→ Material for the task
◇ ◇ ◇ ◇ ◇
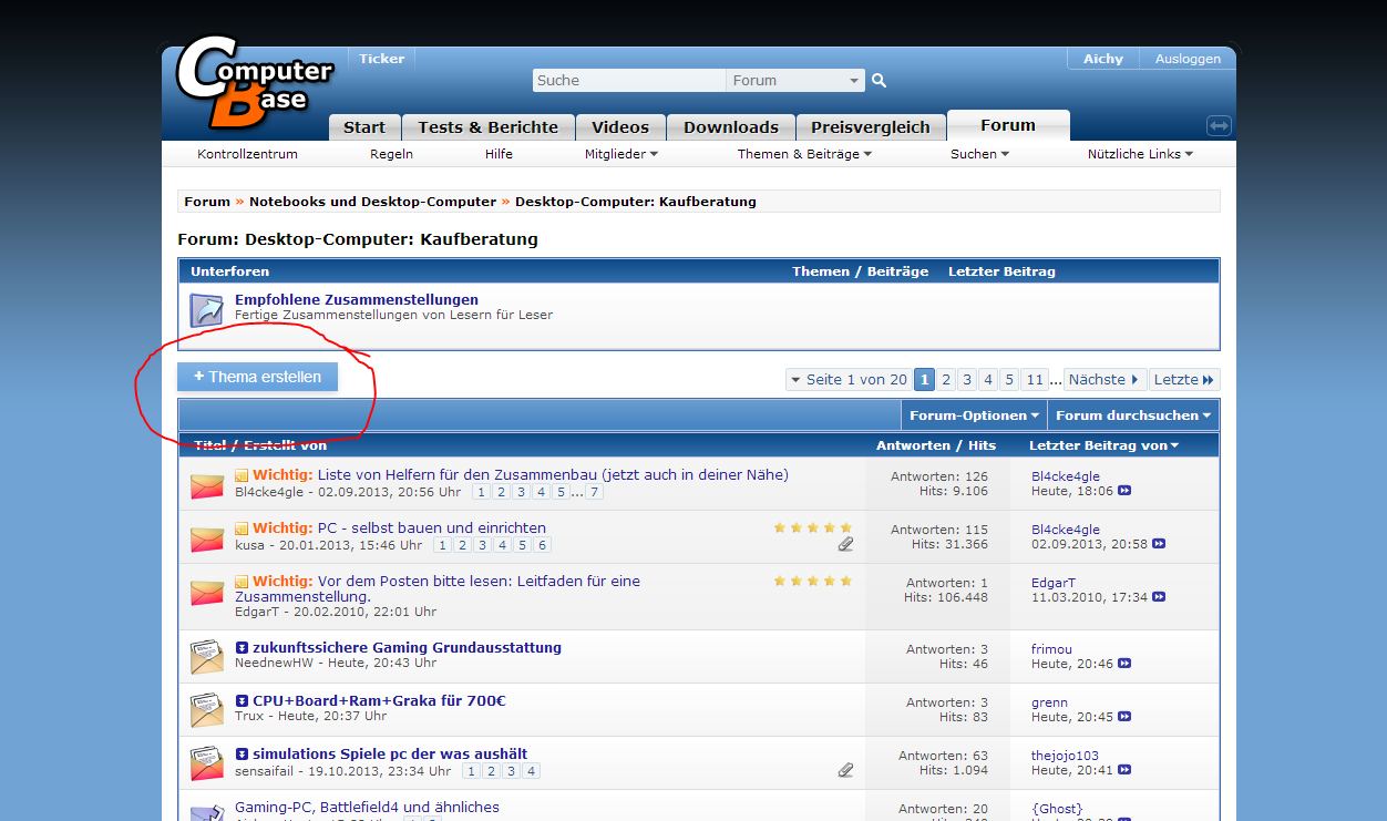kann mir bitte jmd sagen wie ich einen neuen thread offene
◇ ◇ ◇ ◇ ◇
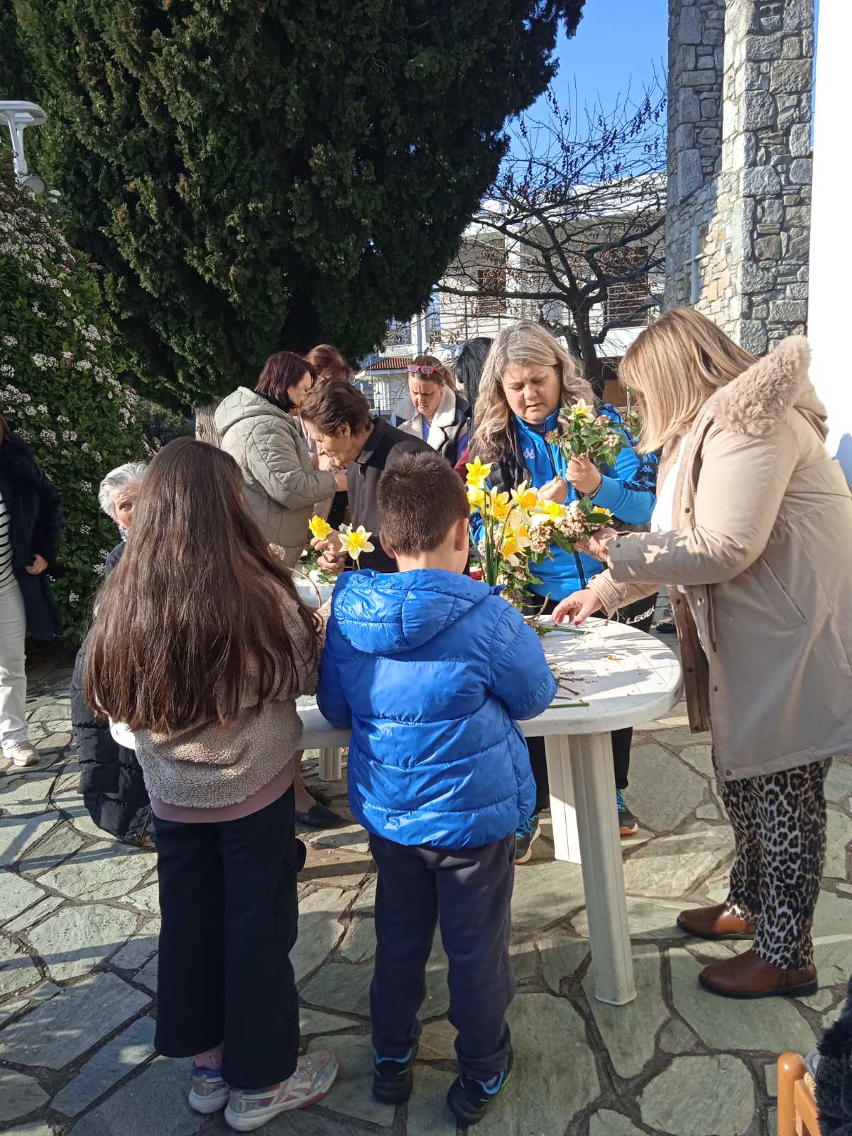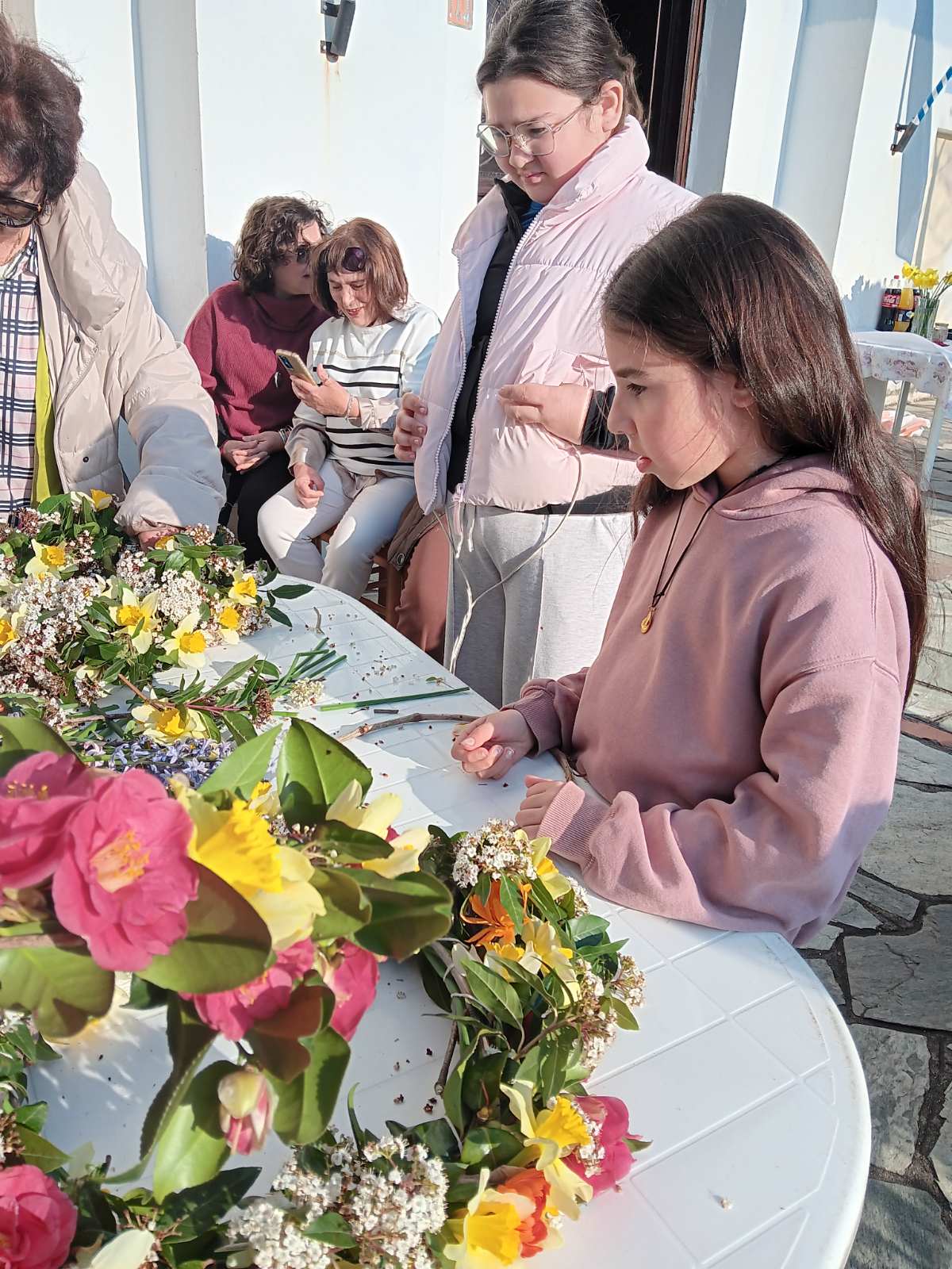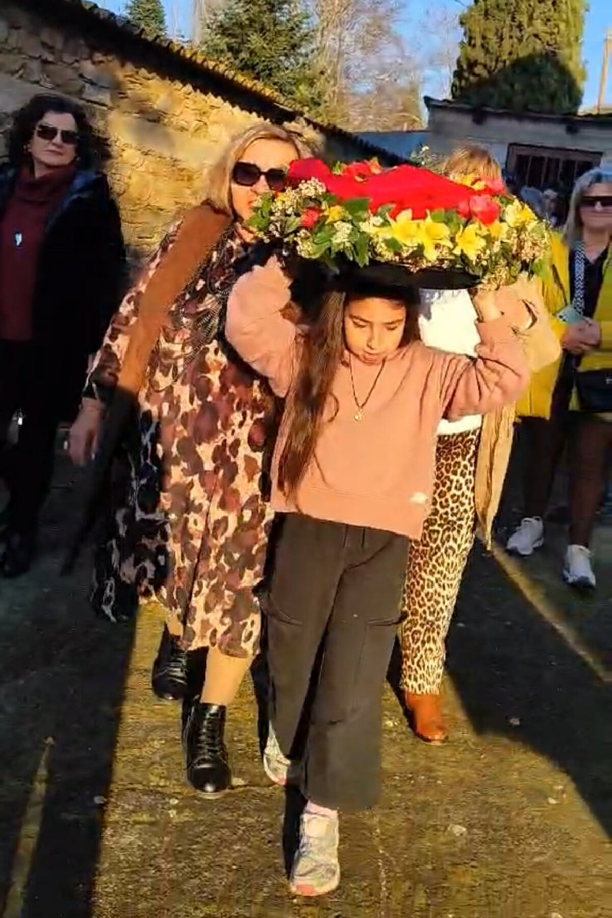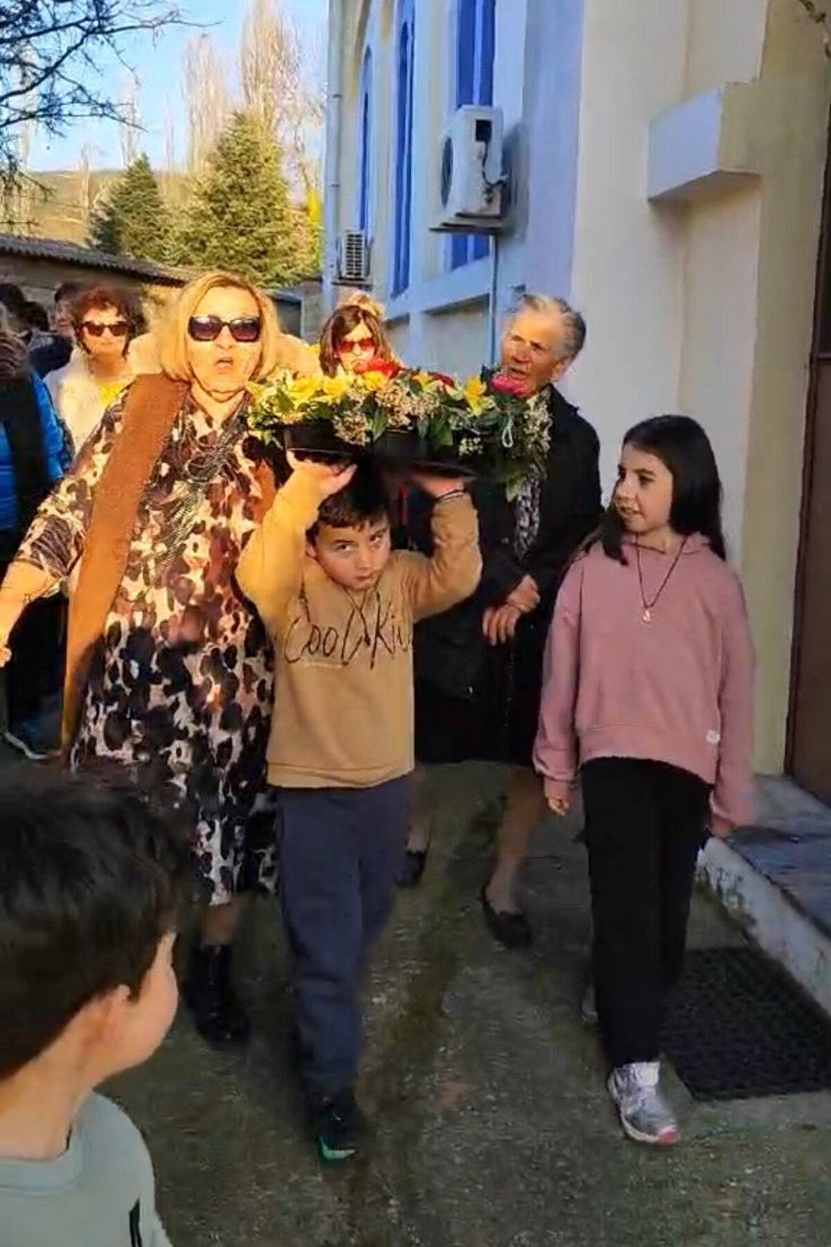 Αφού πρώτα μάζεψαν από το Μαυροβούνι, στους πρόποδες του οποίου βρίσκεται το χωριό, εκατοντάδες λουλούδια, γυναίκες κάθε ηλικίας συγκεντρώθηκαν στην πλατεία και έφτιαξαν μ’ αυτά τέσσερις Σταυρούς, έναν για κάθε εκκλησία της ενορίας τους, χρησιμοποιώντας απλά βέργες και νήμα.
◇ ◇ ◇ ◇ ◇
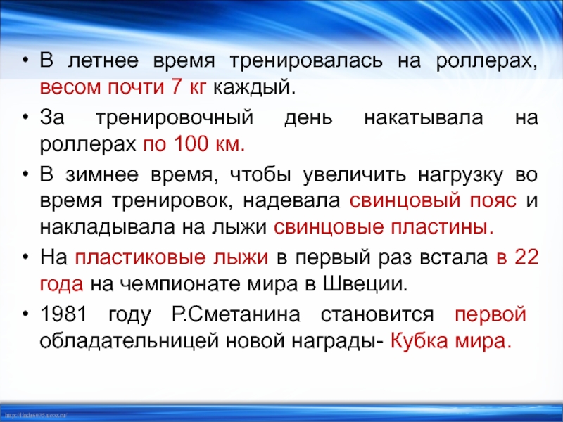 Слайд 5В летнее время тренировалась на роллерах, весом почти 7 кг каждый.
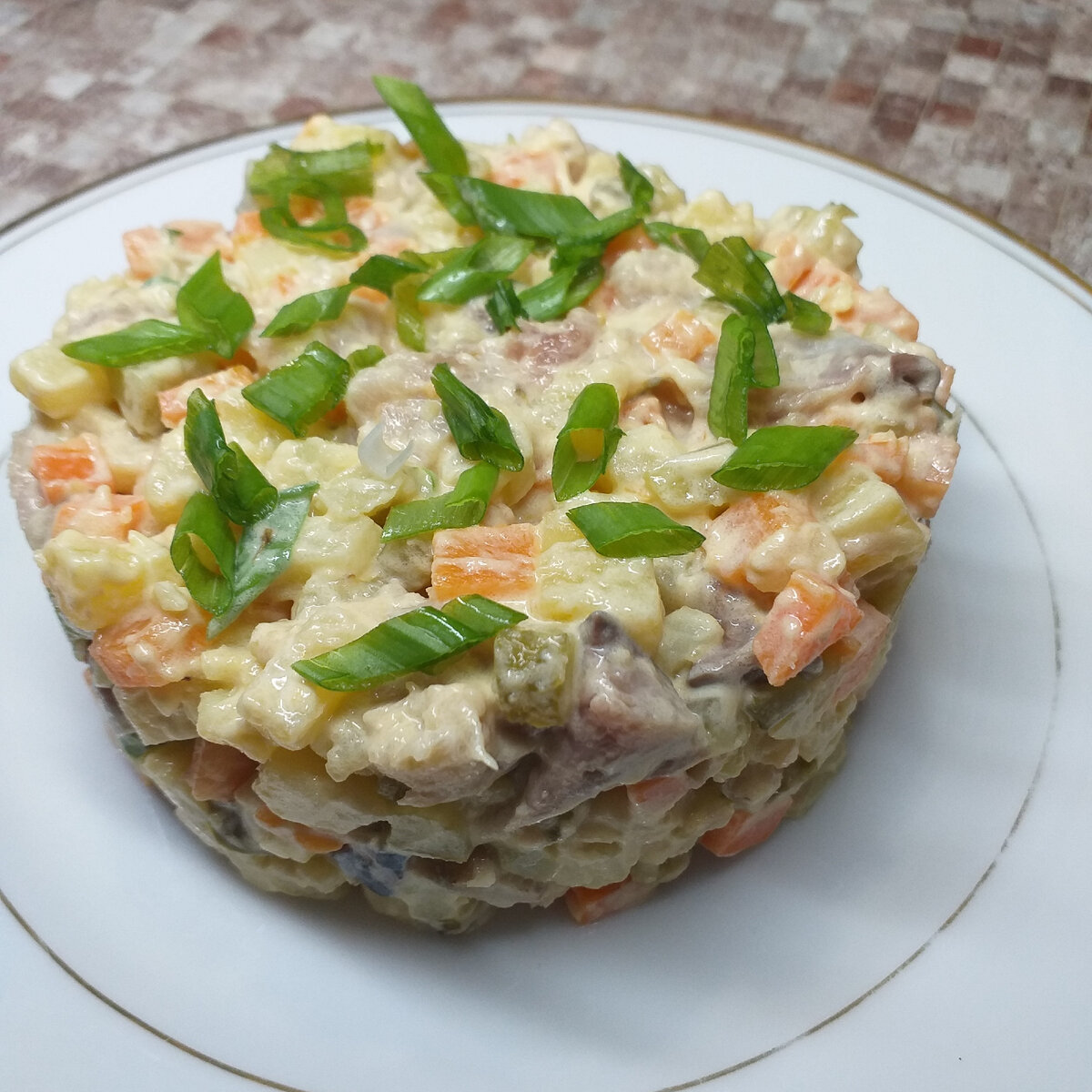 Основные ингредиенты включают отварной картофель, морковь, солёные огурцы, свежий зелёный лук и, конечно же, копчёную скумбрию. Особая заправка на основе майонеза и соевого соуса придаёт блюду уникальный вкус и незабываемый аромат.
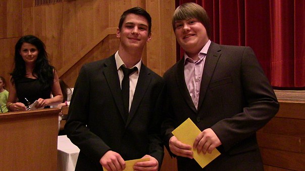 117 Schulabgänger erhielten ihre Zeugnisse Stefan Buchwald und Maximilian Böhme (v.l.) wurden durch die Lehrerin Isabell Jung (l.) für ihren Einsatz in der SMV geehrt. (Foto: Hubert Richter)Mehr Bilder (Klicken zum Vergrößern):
◇ ◇ ◇ ◇ ◇
→ Work instruction
Keep to the stretch from the line containing "Слайд 5В летнее" through the line containing "117 Schulabgänger erhielten", both ends included, and copy it exactly from the listing above, minus the pictures.

→ Answer to this task
 Слайд 5В летнее время тренировалась на роллерах, весом почти 7 кг каждый.
 Основные ингредиенты включают отварной картофель, морковь, солёные огурцы, свежий зелёный лук и, конечно же, копчёную скумбрию. Особая заправка на основе майонеза и соевого соуса придаёт блюду уникальный вкус и незабываемый аромат.
 117 Schulabgänger erhielten ihre Zeugnisse Stefan Buchwald und Maximilian Böhme (v.l.) wurden durch die Lehrerin Isabell Jung (l.) für ihren Einsatz in der SMV geehrt. (Foto: Hubert Richter)Mehr Bilder (Klicken zum Vergrößern):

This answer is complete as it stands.